One of the signs some people point to as evidence that our society is going the wrong way is the polarization in politics, particularly at the federal and state level. Almost everything seems to go on straight, or nearly straight, party-line votes. Rarely is any legislation bipartisan.
There are probably several reasons for this phenomenon and it may not be further evidence of the degeneracy of our society. An article that appeared in the Review section of the Wall Street Journal for the weekend of April 22 and 23 mentioned one plausible reason.
This writer suggested that it is due to the decline in political party power.
Personally, I am not a fan of political parties, and I think I am in good company. George Washington didn’t like them either. He called them “factions.” When he was elected president he picked men from both political parties, that were forming at the time, for his cabinet. This resulted in some men on his cabinet who hated each other, but Washington was a strong enough leader to herd cats.
The writer of this article suggested that the weakening of the two major political parties has allowed the most extreme voices on both sides of the isle to rise to the top. Much as I don’t like political parties, he convinced me that he may be right.

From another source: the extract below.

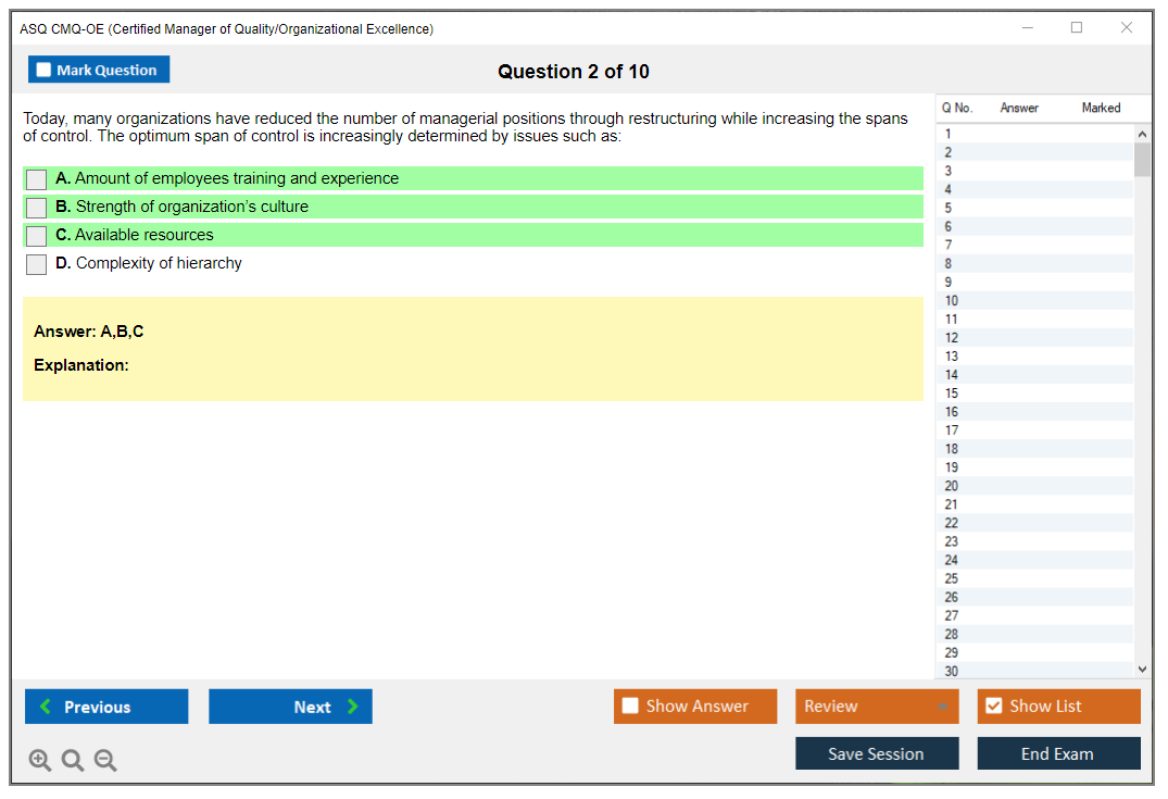 The ASQ CMQ-OE (Certified Manager of Quality/Organizational Excellence) exam is designed to assess the knowledge and skills of individuals in managing quality and organizational excellence. This certification is for professionals who lead and champion process improvement initiatives in organizations.

He cites the rise of the primary system as the principal driver of political party decline. Back before there were primaries, party leaders chose the candidates their particular parties were going to run. There was plenty of political pushing and shoving, but getting the nomination meant you had a majority of party stalwarts on your side. Actual Democrats and Republicans chose who would be the Democrat and Republican nominees.
That changed after the election on 1968. Hubert Humphrey was chosen as the Democrats’ nominee via the standard smoke-filled room process. Party activists, who were not in these smoke-filled rooms were livid and that led to the Democrats going to a primary system. Republicans ended up doing the same.
The primary system, according to this writer, boosted each party’s extremists. They, not party leaders, choose the nominees. Candidates from the parties’ extreme fringes often get nominated and those that get elected are tend to be careful to please the fringe out of fear of facing a primary challenge before the next election. This is why Arizona’s Senator Kyrsten Sinema bolted from the “Democratic” Party and became an independent. The extreme left was angry at her for joining Senator Joe Manchin, of West Virginia to oppose some of Joe’s spending blowouts. For this, she knew she was going to face the wrath of her party’s extremists and a primary challenge from the left. So, she became an independent so she could run without first facing a primary.
Another thing, according to this writer, is that candidates are less dependent on their respective parties for campaign financing. Political action committees (PACs) and very deep pocketed donors, like billionaire George Soros have made party financing of secondary importance. These folks usually represent extremes of the left and right, so they will be financing like-minded candidates.
The writer believes that lots of small donations generated by the Internet also favors people who favor extreme positions.
The result is that the people who get nominated and elected tend to represent their parties’ extremes, not their middle. These are also folks that are more likely to just scream at each other.
Ah, this kind of makes me nostalgic for the days of smoke-filled rooms.